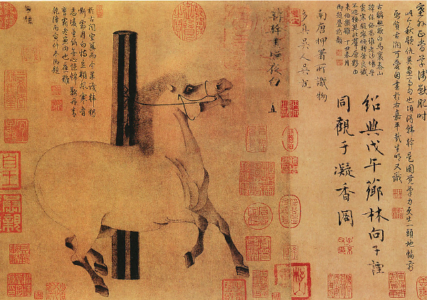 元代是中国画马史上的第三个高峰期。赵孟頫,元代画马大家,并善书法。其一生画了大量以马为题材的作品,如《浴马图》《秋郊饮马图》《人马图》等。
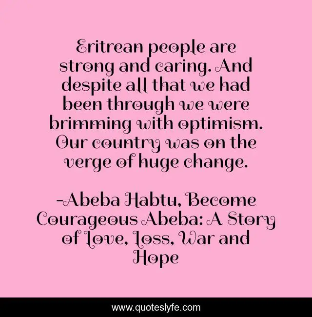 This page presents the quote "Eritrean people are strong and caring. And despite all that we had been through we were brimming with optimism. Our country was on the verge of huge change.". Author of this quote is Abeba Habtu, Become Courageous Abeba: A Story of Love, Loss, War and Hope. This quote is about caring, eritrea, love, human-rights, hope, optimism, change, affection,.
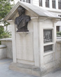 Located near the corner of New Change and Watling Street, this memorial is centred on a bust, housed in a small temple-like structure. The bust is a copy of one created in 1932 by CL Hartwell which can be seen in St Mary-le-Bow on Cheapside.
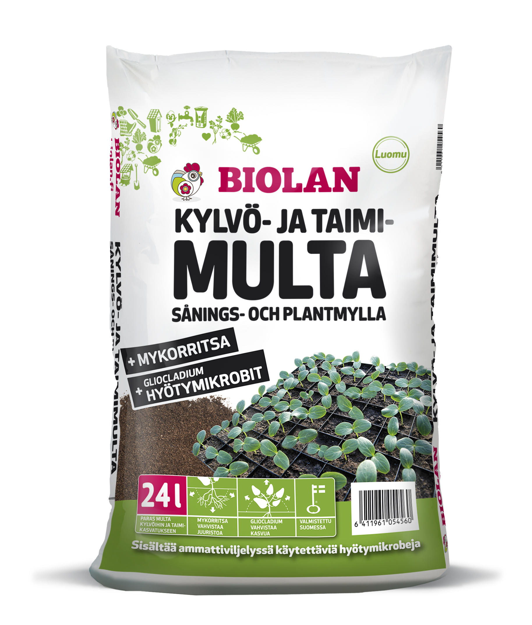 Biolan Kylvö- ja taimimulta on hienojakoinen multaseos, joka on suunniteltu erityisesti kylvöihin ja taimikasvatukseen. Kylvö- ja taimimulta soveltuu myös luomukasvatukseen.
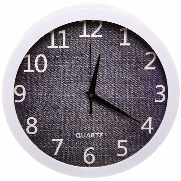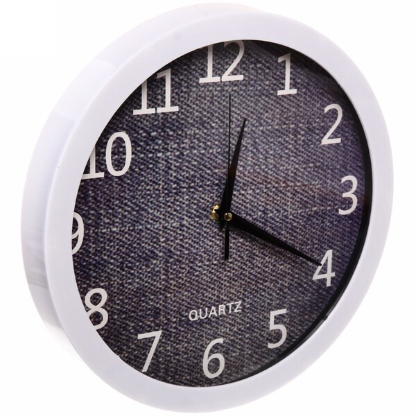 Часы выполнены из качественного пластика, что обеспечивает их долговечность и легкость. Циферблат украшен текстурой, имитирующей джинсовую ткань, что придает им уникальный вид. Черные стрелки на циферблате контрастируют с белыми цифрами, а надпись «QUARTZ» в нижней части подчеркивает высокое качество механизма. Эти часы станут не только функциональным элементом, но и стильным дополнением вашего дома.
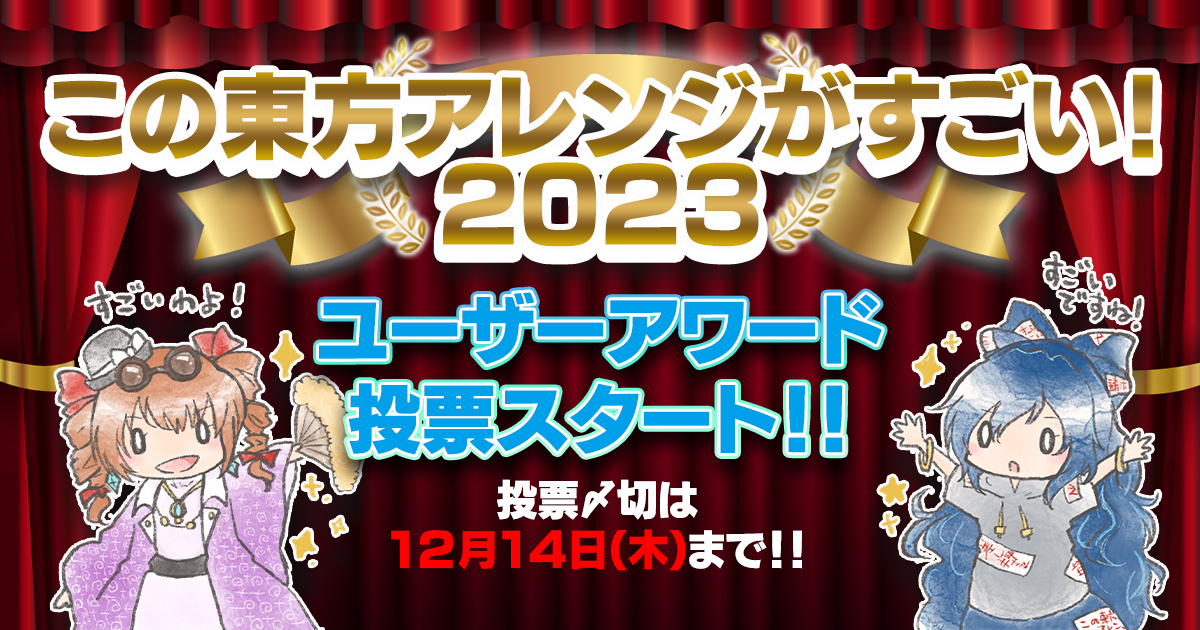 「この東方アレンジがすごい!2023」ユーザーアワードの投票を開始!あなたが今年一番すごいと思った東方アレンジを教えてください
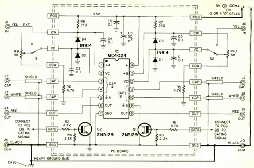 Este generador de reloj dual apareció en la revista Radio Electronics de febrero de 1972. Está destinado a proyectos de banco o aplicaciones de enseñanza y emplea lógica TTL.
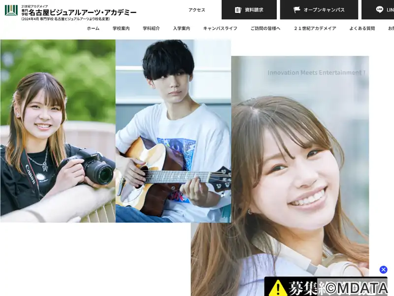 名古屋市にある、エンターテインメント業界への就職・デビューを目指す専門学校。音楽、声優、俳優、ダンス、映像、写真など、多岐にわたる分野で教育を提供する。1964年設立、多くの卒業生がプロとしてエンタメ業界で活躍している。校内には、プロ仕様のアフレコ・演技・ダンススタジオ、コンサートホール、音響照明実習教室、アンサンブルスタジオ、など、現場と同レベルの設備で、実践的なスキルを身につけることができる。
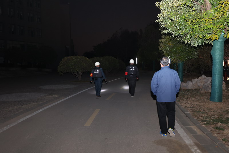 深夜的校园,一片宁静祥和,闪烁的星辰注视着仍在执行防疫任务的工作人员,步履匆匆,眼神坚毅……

□ □ □

— TO DO —
To complete the exercise, return the listing above exactly and omit its pictures.

— OUTPUT FOR THIS TASK —
 元代是中国画马史上的第三个高峰期。赵孟頫,元代画马大家,并善书法。其一生画了大量以马为题材的作品,如《浴马图》《秋郊饮马图》《人马图》等。
 This page presents the quote "Eritrean people are strong and caring. And despite all that we had been through we were brimming with optimism. Our country was on the verge of huge change.". Author of this quote is Abeba Habtu, Become Courageous Abeba: A Story of Love, Loss, War and Hope. This quote is about caring, eritrea, love, human-rights, hope, optimism, change, affection,.
 Located near the corner of New Change and Watling Street, this memorial is centred on a bust, housed in a small temple-like structure. The bust is a copy of one created in 1932 by CL Hartwell which can be seen in St Mary-le-Bow on Cheapside.
 Biolan Kylvö- ja taimimulta on hienojakoinen multaseos, joka on suunniteltu erityisesti kylvöihin ja taimikasvatukseen. Kylvö- ja taimimulta soveltuu myös luomukasvatukseen.
 Часы выполнены из качественного пластика, что обеспечивает их долговечность и легкость. Циферблат украшен текстурой, имитирующей джинсовую ткань, что придает им уникальный вид. Черные стрелки на циферблате контрастируют с белыми цифрами, а надпись «QUARTZ» в нижней части подчеркивает высокое качество механизма. Эти часы станут не только функциональным элементом, но и стильным дополнением вашего дома.
 「この東方アレンジがすごい!2023」ユーザーアワードの投票を開始!あなたが今年一番すごいと思った東方アレンジを教えてください
 Este generador de reloj dual apareció en la revista Radio Electronics de febrero de 1972. Está destinado a proyectos de banco o aplicaciones de enseñanza y emplea lógica TTL.
 名古屋市にある、エンターテインメント業界への就職・デビューを目指す専門学校。音楽、声優、俳優、ダンス、映像、写真など、多岐にわたる分野で教育を提供する。1964年設立、多くの卒業生がプロとしてエンタメ業界で活躍している。校内には、プロ仕様のアフレコ・演技・ダンススタジオ、コンサートホール、音響照明実習教室、アンサンブルスタジオ、など、現場と同レベルの設備で、実践的なスキルを身につけることができる。
 深夜的校园,一片宁静祥和,闪烁的星辰注视着仍在执行防疫任务的工作人员,步履匆匆,眼神坚毅……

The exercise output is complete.